Der deutsche Entertainer und Schauspieler mit australischem Pass, Joachim "Blacky" Fuchsberger, wurde in den 50er Jahren mit den Edgar Wallace-Filmen bekannt. Später war er vor allem mit Unterhaltungssendungen im deutschen Fernsehen vertreten. Nun tritt er in "Neues vom Wixxer" auf.

 

CHEXX Lassen Sie uns zuerst über die alten Edgar Wallace-Filme sprechen. Da interessierte mich immer schon eine Frage: Wie ernst nahmen die sich, wie viel Ironie steckte in ihnen?

 

Joachim Fuchsberger Die nahmen sich überhaupt nicht ernst. Eines ihrer Erfolgsgeheimnisse war, dass die Menschen selbst in den gruseligsten Szenen begriffen: Das hier ist Fiktion, nicht Realität. Anders als beispielsweise Jürgen Rolands "Stahlnetz" gaben sie nicht vor, die Wirklichkeit zu zeigen. Sie hatten immer ein Augenzwinkern und waren manchmal bis ins Groteske übersteigert. Das Publikum sollte sich im Kino ein bisschen gruseln. Aber hinterher zu Hause gut schlafen können.

 

CHEXX Vor Klaus Kinski habe ich mich damals aber doch schon ein bisschen gefürchtet...

 

Joachim Fuchsberger... trotzdem wusste jeder, dass das überzeichnet war. Der Klaus natürlich auch, deshalb hat er immer seinem Affen Zucker gegeben. Der hat immer gesagt: "Na - wenn schon, dann auch richtig."

 

CHEXX Natürlich spielte damals die erste Liga der deutschen Schauspieler mit. Aber was darüber hinaus machte den Erfolg aus?

 

Joachim Fuchsberger Die totale Hinwendung zur Qualität! Alles was Rang und Namen hatte, wollte mitmachen. Das liegt daran, dass die Wallace-Reihe so etwas wie die andere Seite des deutschen Kinos war, das ansonsten ja immer läppischer wurde. Es war auch mein Beweggrund. Für mich war es die Rettung aus dieser faden, langweiligen Zeit des "jungen Liebhabers". Genau im richtigen Moment kam etwas Neues. Und dazu auch noch aus der Rubrik "das können wir nicht", die mich immer gereizt hat.

 

CHEXX "Das können wir nicht" bezieht sich auf die landläufige Meinung, die Deutschen könnten keine Kriminalfilme machen...

 

Joachim Fuchsberger Genau.
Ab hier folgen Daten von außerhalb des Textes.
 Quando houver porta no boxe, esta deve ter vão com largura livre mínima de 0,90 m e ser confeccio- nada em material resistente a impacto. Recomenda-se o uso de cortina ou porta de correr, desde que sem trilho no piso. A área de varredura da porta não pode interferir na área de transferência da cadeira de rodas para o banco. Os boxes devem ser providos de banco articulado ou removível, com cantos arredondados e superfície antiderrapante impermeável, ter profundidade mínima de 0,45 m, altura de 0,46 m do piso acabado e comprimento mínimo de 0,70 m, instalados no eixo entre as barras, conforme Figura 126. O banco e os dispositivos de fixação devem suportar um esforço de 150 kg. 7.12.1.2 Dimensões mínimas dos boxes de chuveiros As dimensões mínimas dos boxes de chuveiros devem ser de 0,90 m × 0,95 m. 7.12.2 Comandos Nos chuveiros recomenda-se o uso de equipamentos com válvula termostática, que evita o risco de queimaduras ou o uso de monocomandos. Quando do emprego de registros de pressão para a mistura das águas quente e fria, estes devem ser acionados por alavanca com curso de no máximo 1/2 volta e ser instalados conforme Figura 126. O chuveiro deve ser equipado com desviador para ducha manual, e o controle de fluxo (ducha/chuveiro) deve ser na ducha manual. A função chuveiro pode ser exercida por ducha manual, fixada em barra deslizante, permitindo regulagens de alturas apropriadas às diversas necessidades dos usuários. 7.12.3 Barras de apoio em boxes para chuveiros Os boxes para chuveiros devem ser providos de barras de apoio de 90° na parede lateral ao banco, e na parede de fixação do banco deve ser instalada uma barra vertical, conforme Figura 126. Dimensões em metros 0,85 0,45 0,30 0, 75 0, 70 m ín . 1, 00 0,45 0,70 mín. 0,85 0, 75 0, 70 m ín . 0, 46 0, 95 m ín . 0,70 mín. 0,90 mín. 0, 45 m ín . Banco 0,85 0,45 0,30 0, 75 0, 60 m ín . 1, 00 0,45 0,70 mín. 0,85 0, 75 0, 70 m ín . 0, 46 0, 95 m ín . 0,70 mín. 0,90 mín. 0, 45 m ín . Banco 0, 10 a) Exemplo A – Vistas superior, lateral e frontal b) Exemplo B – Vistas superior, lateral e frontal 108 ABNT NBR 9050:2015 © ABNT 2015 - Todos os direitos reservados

Wobei man historisch korrekt sagen muss: "Der Frosch mit der Maske" war im Grunde genommen ja auch noch eine dänische Produktion. Heute denken alle, Horst Wendlandt habe die Wallace-Reihe erfunden. Das stimmt so nicht, auch wenn er natürlich für den späteren Erfolg verantwortlich war. Aber der erste Produzent war Preben Philipsen, ein Multimillionär und damals Besitzer von Rialto Film. Gedreht haben wir auch noch in Dänemark - und in Deutschland hieß es: Die werden bestimmt auf die Schnauze fallen. Dann war der erste ein großer Erfolg und alle meinten: Dann wird eben der zweite ein Flop. Und so ging es immer weiter bis zur Nummer 30.

 

CHEXX Sie nannten gerade schon Preben Phillipsen. Wer sonst waren die wichtigsten Köpfe hinter der Kamera bei der Wallace-Reihe?

 

Joachim Fuchsberger Zuallererst muss man natürlich einen genialen Menschen namens Edgar Wallace nennen, der in den 30er Jahren Bücher geschrieben hat, die Welterfolge wurden. Bei den Filmen war es zuerst die Handschrift von Harald Reinl. Später Alfred Vohrer, der ein genialer Regisseur für dieses Genre war. Und der wohl genialste überhaupt war der Drehbuchautor Herbert Reinecker. Das war das große Dreigestirn der Reihe: Horst Wendlandt als Produzent, Reinecker als Autor und Vohrer als Regisseur. Wir hatten also hervorragende Bücher, die hervorragend besetzt und von hervorragenden Regisseuren inszeniert wurden. Und für uns junge Schauspieler war es vor 40 Jahren eine Offenbarung, mit den Großen des deutschen Films zusammenzuarbeiten. Wir haben nur geschaut, wie ein René Deltgen oder eine Lil Dagover im Studio gearbeitet haben und haben von ihnen gelernt.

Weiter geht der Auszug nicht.